Assign a label token to every residue and return the label string.

Requires add_rigid_prediction first for the exchange (^) call, which flags residues whose R2/R1 exceeds the rigid prediction by more than rex_n_std standard deviations of that excess across modeled residues. ps-ns motion (v) is hetNOE <= noe_cut.

Source code in makeshift/relaxation/relax_profile.py
def label(self, rex_n_std=1.0, noe_cut=0.65):
    """
    Assign a label token to every residue and return the label string.

    Requires `add_rigid_prediction` first for the exchange (`^`) call, which
    flags residues whose R2/R1 exceeds the rigid prediction by more than
    `rex_n_std` standard deviations of that excess across modeled residues.
    ps-ns motion (`v`) is hetNOE <= `noe_cut`.
    """
    t = self.table
    have_pred = "scaled_R2_R1_pred" in t.columns

    excess = pd.Series(np.nan, index=t.index)
    rex_mask = pd.Series(False, index=t.index)
    if have_pred:
        modeled = t["scaled_R2_R1_pred"].notna() & t["R2_R1"].notna()
        excess[modeled] = t.loc[modeled, "R2_R1"] - t.loc[modeled, "scaled_R2_R1_pred"]
        thresh = excess[modeled].mean() + rex_n_std * excess[modeled].std()
        rex_mask = excess > thresh
    else:
        warnings.warn(
            "no rigid prediction set; exchange (^) cannot be called. "
            "trying to run add_rigid_prediction(pdb) first with default "
            "parameters .", UserWarning)

    psns_mask = t["NOE"] <= noe_cut

    labels = []
    for i, row in t.iterrows():
        if row["residue"] == "P":
            labels.append(PROLINE)
        elif not row["has_data"]:
            if row.get("has_HN", False):
                labels.append(NODATA)
            else:
                labels.append(MISSING)
        else:
            rex = bool(rex_mask.get(i, False))
            psns = bool(psns_mask.get(i, False))
            labels.append(BOTH if (rex and psns) else
                          REX if rex else
                          PSNS if psns else ORDERED)

    t["label"] = labels
    self.table = t
    return "".join(labels)

plot

plot(data_type='R2_R1', ax=None, figsize=(6, 1.5))

Plot a relaxation observable along the sequence with motion labels: orange = exchange (^/b) blue = ps-ns (v) black = ordered (A) purple P = proline red star = missing gray = no data The scaled rigid prediction is overlaid for R2_R1. Requires label() first.

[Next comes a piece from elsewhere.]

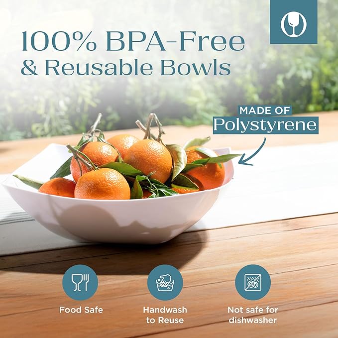- DISPOSABLE OR REUSABLE: These thanksgiving plastic serving bowls offer great versatility—easy disposal or reuse. They are 100% reusable and can be hand-washed for multiple uses. This feature not only makes party cleanup a breeze but also supports responsible practices, giving you flexibility and convenience. Ideal for outdoor serving dishes, plastic bowls reusable, white bowls, candy jar, and acrylic bowls.

Source code in makeshift/relaxation/relax_profile.py
def plot(self, data_type="R2_R1", ax=None, figsize=(6, 1.5)):
    """
    Plot a relaxation observable along the sequence with 
    motion labels:
        orange = exchange (^/b)
        blue = ps-ns (v)
        black = ordered (A)
        purple P = proline
        red star = missing 
        gray = no data
    The scaled rigid prediction is overlaid for R2_R1. 
    Requires `label()` first.
    """
    import matplotlib.pyplot as plt

    t = self.table
    if "label" not in t.columns:
        raise ValueError("call label() before plot()")
    if data_type not in t.columns:
        raise ValueError(f"no column {data_type!r} in table")

    if ax is None:
        _, ax = plt.subplots(figsize=figsize)
    x = t["Seq_ID"].values
    y = t[data_type].values
    ax.plot(x, y, color="black", lw=0.5, zorder=5)

    if data_type == "R2_R1" and "scaled_R2_R1_pred" in t.columns:
        ax.plot(x, t["scaled_R2_R1_pred"].values, color="grey", zorder=5)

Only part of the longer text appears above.